The Science/Achievement: A multidisciplinary team of researchers from Oak Ridge National Laboratory (ORNL) performed a comprehensive study on the influence of manufacturing defects on the lithium-ion cell performance. For that purpose, the positive electrodes (LiNi0.5Mn0.3Co0.2O2 cathodes) were manufactured with intentionally introduced defects at the ORNL’s battery manufacturing facility. Agglomerates and small pinholes were made in the cathodes. One of the most commonly anticipated defects in battery manufacturing would be non-uniform coating of the electrode, which was imitated by making electrodes with areas of missed coating. Two types of defective coatings were made, one with 3mm-wide strip of missed cathode coating and another one with three 1-mm wide strips of missed coating. While the total area and correspondingly the total amount of material missing from cathode is the same in both cases, performance degradation was observed to be more severe in cells with one large 3-mm defect. Numerical simulations of the lithium distribution in electrodes suggested that more severe local misbalance of positive and negative electrode leads to cathode overcharge at the edges of the defect.

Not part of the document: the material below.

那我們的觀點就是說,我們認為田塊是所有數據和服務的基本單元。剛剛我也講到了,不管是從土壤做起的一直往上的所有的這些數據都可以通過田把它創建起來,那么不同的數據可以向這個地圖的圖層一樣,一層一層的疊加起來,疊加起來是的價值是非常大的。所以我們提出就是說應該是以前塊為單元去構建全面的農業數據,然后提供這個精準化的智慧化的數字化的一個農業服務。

Significance and Impact: Insights obtained from this study can be applied in battery manufacturing to reveal the relationship between manufacturing defects and battery safety/performance and reduce the scrap rate. While pinholes did not affect subsequent cell performance, the non-uniform coating of cathodes resulted in severe cell degradation due to local misbalance of active material.

Research Details

  • Electrodes were made using the slot die coater; positive electrode was based on LiNi0.5Mn0.3Co0.2Oand negative electrode was based on natural graphite.
  • Full pouch cells were built with six anodes and six cathodes and were 500 mAh in capacity. Electrochemical testing was performed using Maccor battery cycler between 3.0 and 4.0 V.
  • Fresh and cycled electrodes were characterized with XPS, Raman spectroscopy and XRD.
  • A 2D continuum electrochemical model, representing section of electrode pair with defects was built and solved for Li concentration in electrodes using FEA.

Facility: Electrodes and pouch cells were made and cycled at the ORNL’s Battery Manufacturing Facility (NTRC-2).

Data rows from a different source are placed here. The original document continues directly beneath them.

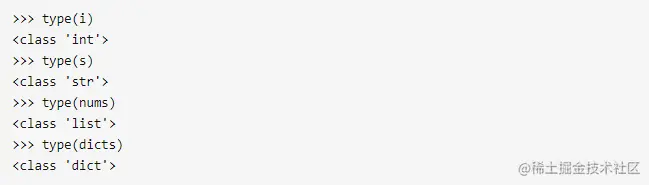 比如上面 i 的类型是 int 类型,s 类型是字符串类型,nums 的类型是列表类型,dicts 的类型是字典类型,它们都是由对应的类型构建出来的。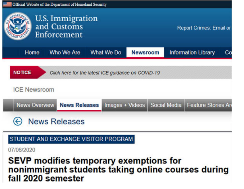 當(dāng)?shù)貢r(shí)間7月6日,針對(duì)美國(guó)高校今年秋天將開(kāi)始的課程,美國(guó)移民與海關(guān)執(zhí)法局(ICE)發(fā)布了一項(xiàng)新規(guī)定,大致是這么幾個(gè)意思:
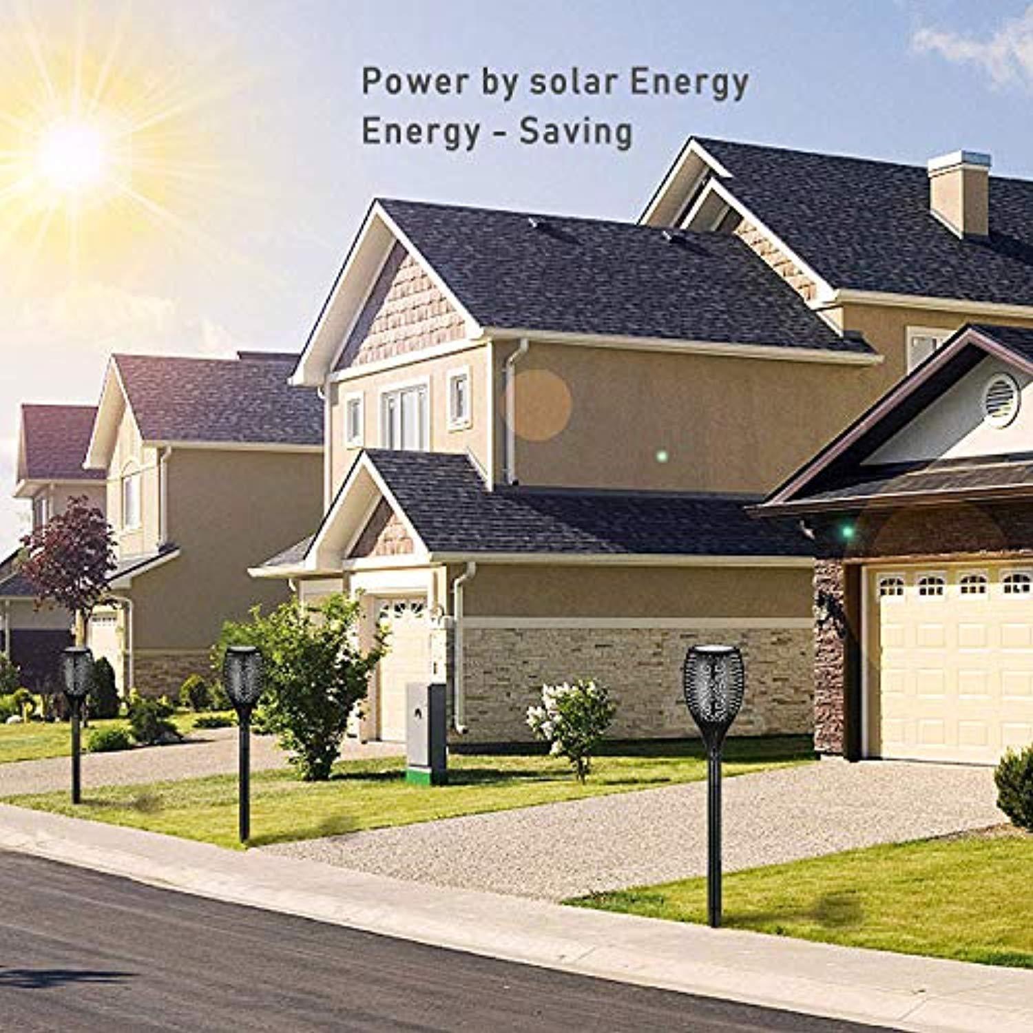 Dancing Flame Design - A safe alternative to the real “flames” — 96pcs LEDs in the light cast a safe, soft, mood-enhancing glow.The actual height of the solar torches is 33.5 inches.(Accessories include)

Funding/Sponsor: This research was supported by Vehicle Technologies Office (VTO) Applied Battery Research subprogram (Program Manager: Peter Faguy).

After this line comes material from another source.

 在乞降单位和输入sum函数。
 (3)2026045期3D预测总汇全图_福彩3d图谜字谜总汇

Summary: This study reveals the effect of cathode coating defects on the electrochemical performance of lithium-ion cells. Four types of defects that can commonly occur in battery manufacturing were analyzed. It was determined that electrodes with pinholes and agglomerates may be salvageable which can reduce scrap rate, lower the cost and environmental impact of battery manufacturing. Electrodes with non-uniform coating showed the highest rate of degradation, which was explained by local overcharge due to misbalance of negative to positive ratio.